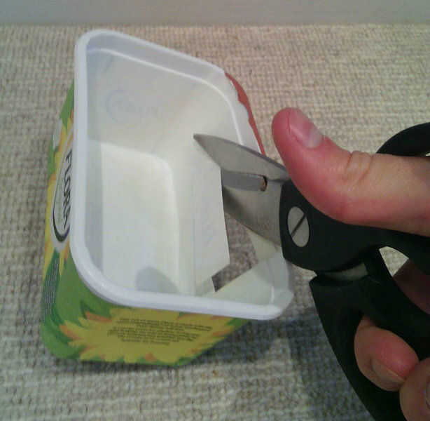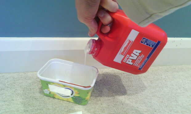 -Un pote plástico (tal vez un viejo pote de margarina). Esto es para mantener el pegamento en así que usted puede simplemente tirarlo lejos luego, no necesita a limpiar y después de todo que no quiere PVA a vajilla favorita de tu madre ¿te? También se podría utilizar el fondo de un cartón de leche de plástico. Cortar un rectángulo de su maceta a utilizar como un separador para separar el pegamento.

.....

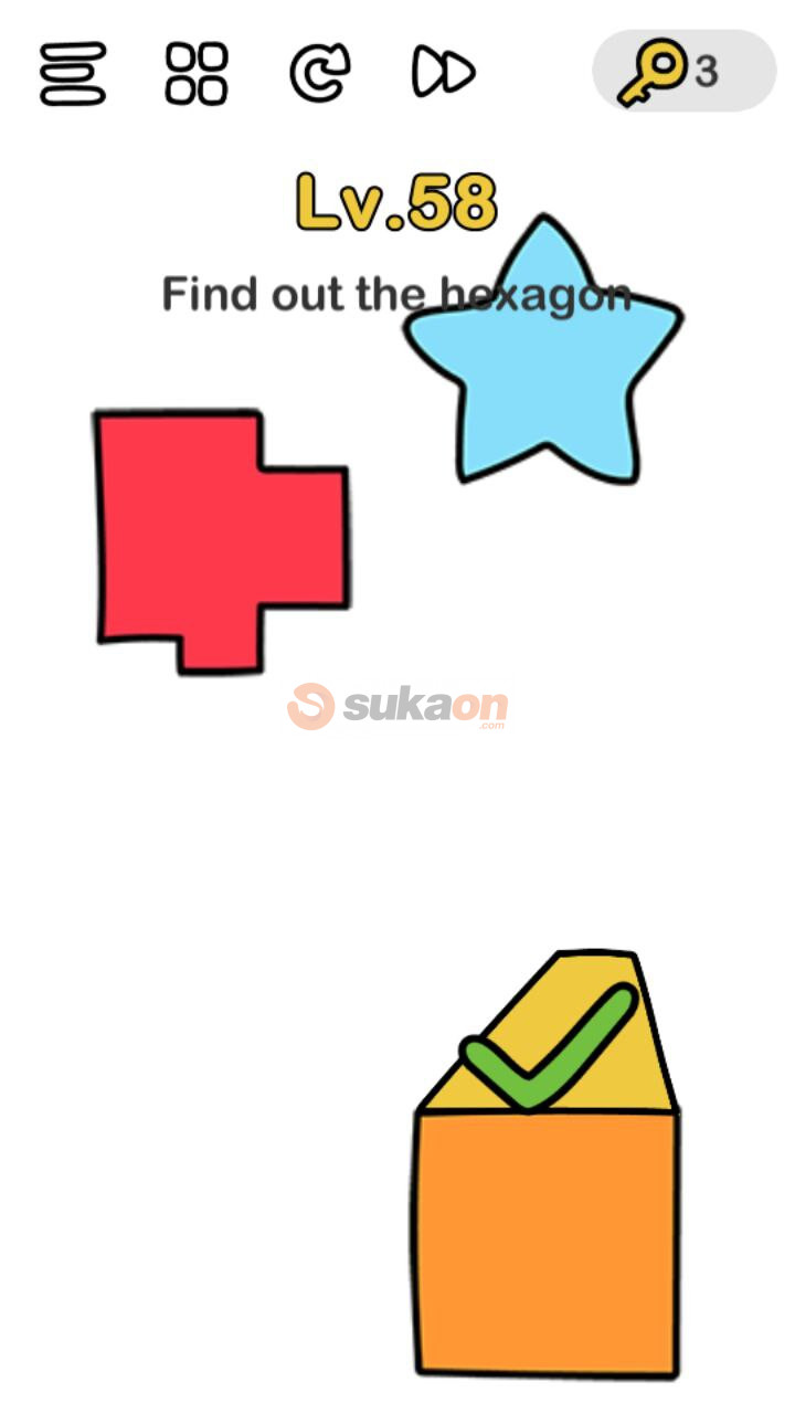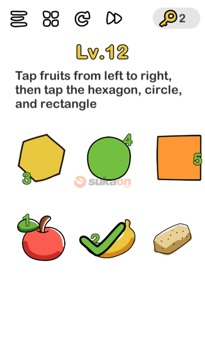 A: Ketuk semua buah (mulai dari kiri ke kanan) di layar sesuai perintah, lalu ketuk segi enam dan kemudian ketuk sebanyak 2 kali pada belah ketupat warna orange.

.....

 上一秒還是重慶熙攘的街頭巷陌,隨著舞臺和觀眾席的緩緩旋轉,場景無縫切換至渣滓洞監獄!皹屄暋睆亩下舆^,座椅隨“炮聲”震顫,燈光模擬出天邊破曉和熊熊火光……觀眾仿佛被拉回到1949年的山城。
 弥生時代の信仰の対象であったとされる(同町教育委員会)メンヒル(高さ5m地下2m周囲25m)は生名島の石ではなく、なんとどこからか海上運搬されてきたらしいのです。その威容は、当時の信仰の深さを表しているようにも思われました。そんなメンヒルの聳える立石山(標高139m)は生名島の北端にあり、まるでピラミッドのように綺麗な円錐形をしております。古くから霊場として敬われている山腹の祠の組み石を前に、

.....

• [ABOUT THIS TASK] What you return should be exactly the lines above, starting at the one with "上一秒還是重慶熙攘的街頭巷陌" and ending at the one with "弥生時代の信仰の対象であった", and nothing else.

• [REPLY]
 上一秒還是重慶熙攘的街頭巷陌,隨著舞臺和觀眾席的緩緩旋轉,場景無縫切換至渣滓洞監獄!皹屄暋睆亩下舆^,座椅隨“炮聲”震顫,燈光模擬出天邊破曉和熊熊火光……觀眾仿佛被拉回到1949年的山城。
 弥生時代の信仰の対象であったとされる(同町教育委員会)メンヒル(高さ5m地下2m周囲25m)は生名島の石ではなく、なんとどこからか海上運搬されてきたらしいのです。その威容は、当時の信仰の深さを表しているようにも思われました。そんなメンヒルの聳える立石山(標高139m)は生名島の北端にあり、まるでピラミッドのように綺麗な円錐形をしております。古くから霊場として敬われている山腹の祠の組み石を前に、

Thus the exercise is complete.